# Work request
Print out the data that follows exactly, character for character, apart from the pictures.

# Available data

****************

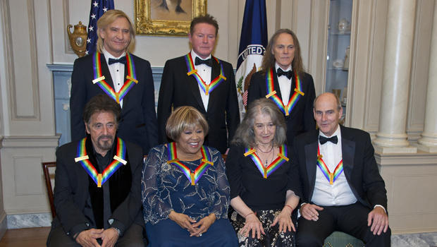 WASHINGTON, DC – DECEMBER 03: The five recipients of the 39th Annual Kennedy Center Honors pose for a group photo following a dinner hosted by United States Secretary of State John F. Kerry in their honor at the U.S. Department of State in Washington, D.C. on Saturday, December 3, 2016. The 2016 honorees are: Argentine pianist Martha Argerich; rock band the Eagles; screen and stage actor Al Pacino; gospel and blues singer Mavis Staples; and musician James Taylor. From left to right back row: Joe Walsh, Don Henley, and Timothy B. Schmidt of the rock band “The Eagles.” Front row, left to right: Al Pacino, Mavis Staples, Martha Argerich, and James Taylor.
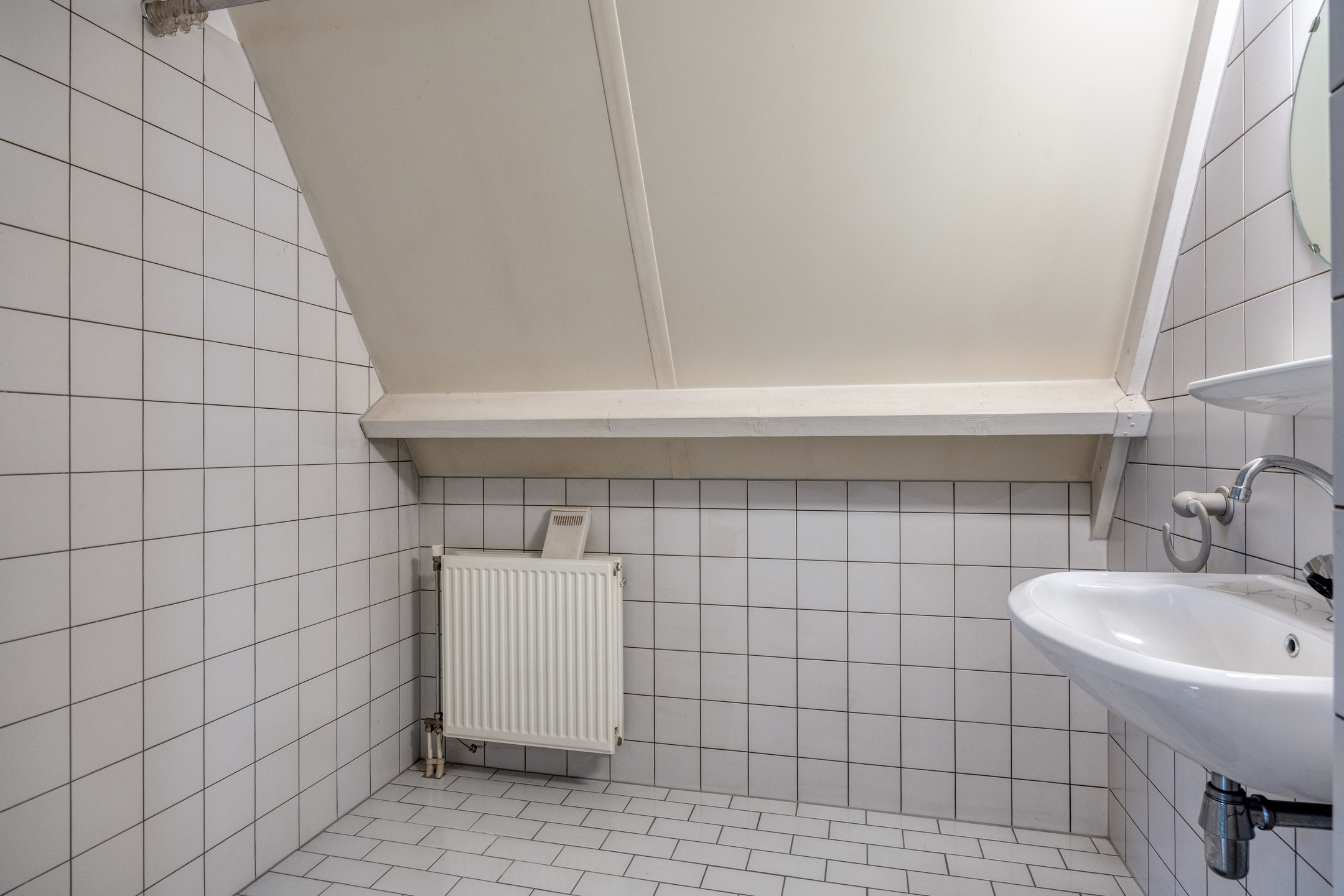 Het toilet is halfhoog betegeld en voorzien van een staand toilet en een fonteintje. De ruimte wordt geventileerd via mechanische ventilatie.
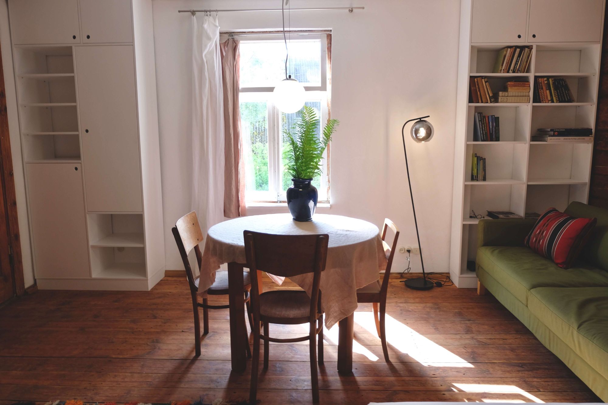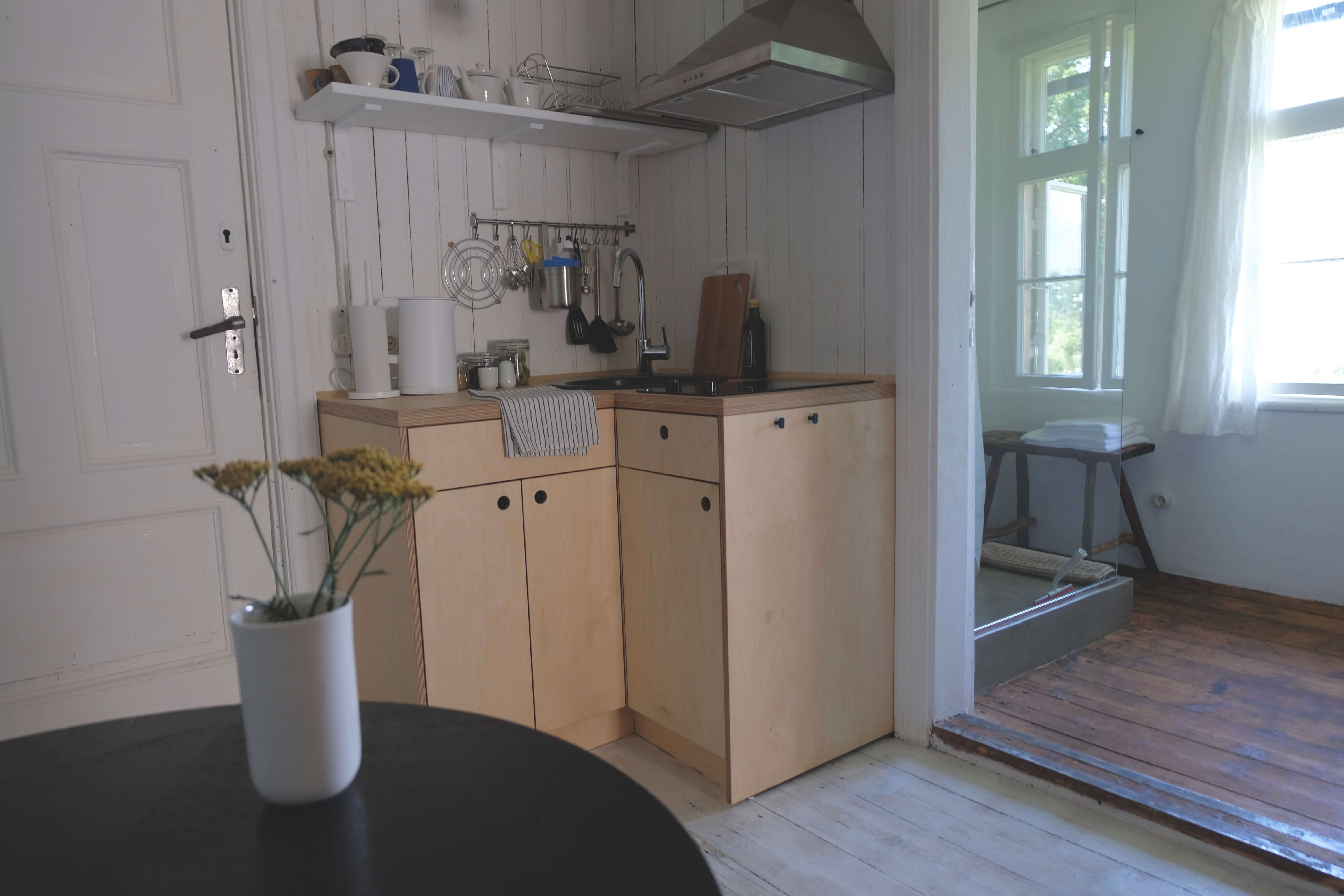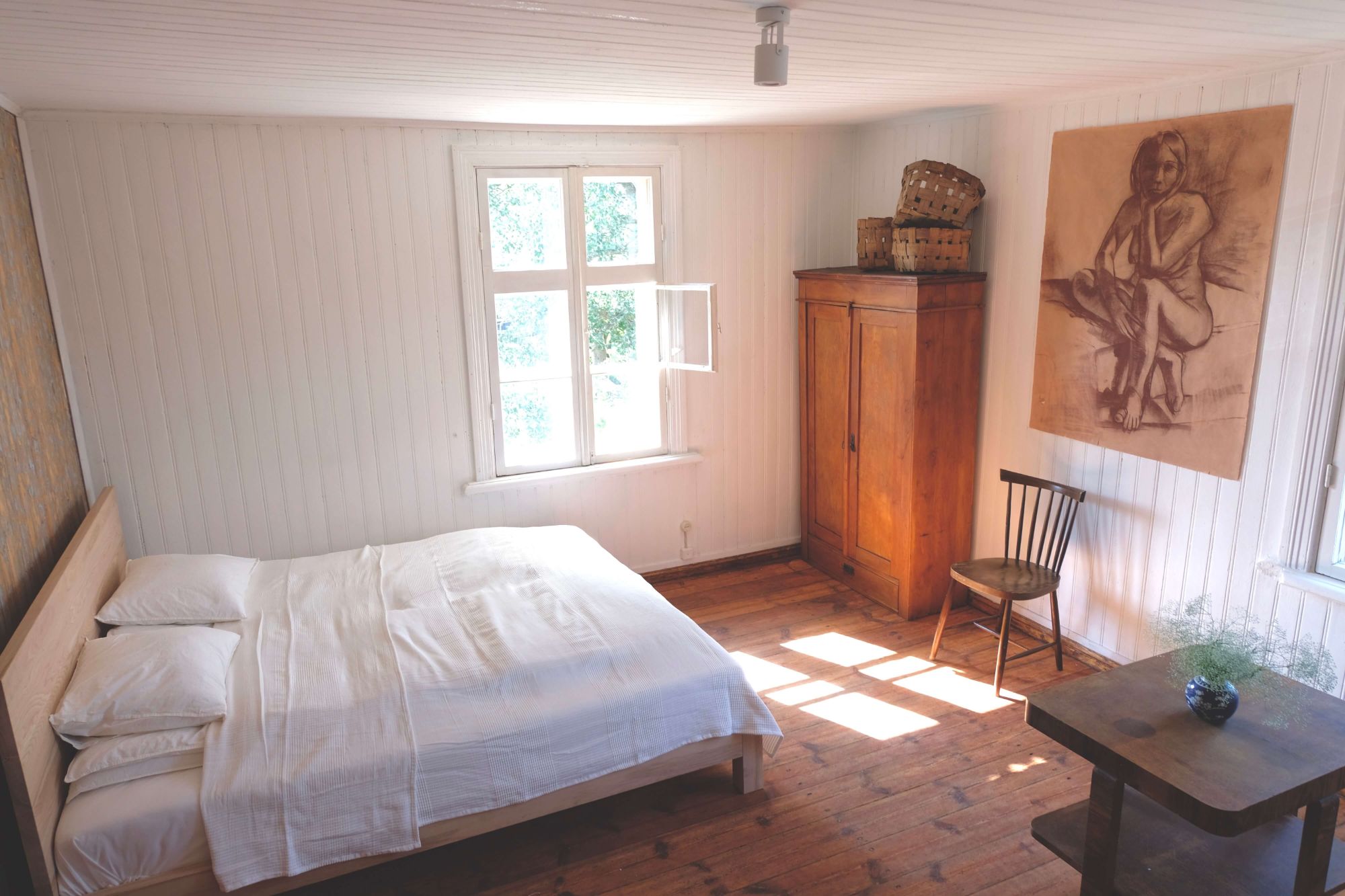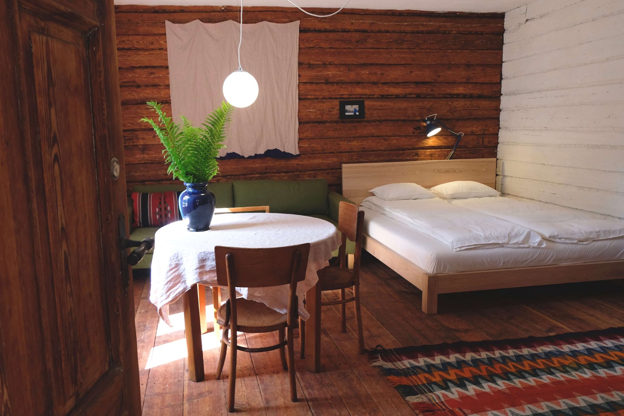 Klejotāja grāmatu plaukts aicina doties - uz citu kontinentu vai tepat uz Igauniju 800 metru attālumā no mājas. No šī pirmā stāva apartamenta var izkāpt pa logu un vakariņot starp papardēm pie privāta āra galdiņa. Ceļotājā ir plaša guļam-dzīvojamā istaba, omulīga virtuvīte ar malkas plīti un atpūtas zonu, vannas istaba.

****************

# Task response
 WASHINGTON, DC – DECEMBER 03: The five recipients of the 39th Annual Kennedy Center Honors pose for a group photo following a dinner hosted by United States Secretary of State John F. Kerry in their honor at the U.S. Department of State in Washington, D.C. on Saturday, December 3, 2016. The 2016 honorees are: Argentine pianist Martha Argerich; rock band the Eagles; screen and stage actor Al Pacino; gospel and blues singer Mavis Staples; and musician James Taylor. From left to right back row: Joe Walsh, Don Henley, and Timothy B. Schmidt of the rock band “The Eagles.” Front row, left to right: Al Pacino, Mavis Staples, Martha Argerich, and James Taylor.
 Het toilet is halfhoog betegeld en voorzien van een staand toilet en een fonteintje. De ruimte wordt geventileerd via mechanische ventilatie.
 Klejotāja grāmatu plaukts aicina doties - uz citu kontinentu vai tepat uz Igauniju 800 metru attālumā no mājas. No šī pirmā stāva apartamenta var izkāpt pa logu un vakariņot starp papardēm pie privāta āra galdiņa. Ceļotājā ir plaša guļam-dzīvojamā istaba, omulīga virtuvīte ar malkas plīti un atpūtas zonu, vannas istaba.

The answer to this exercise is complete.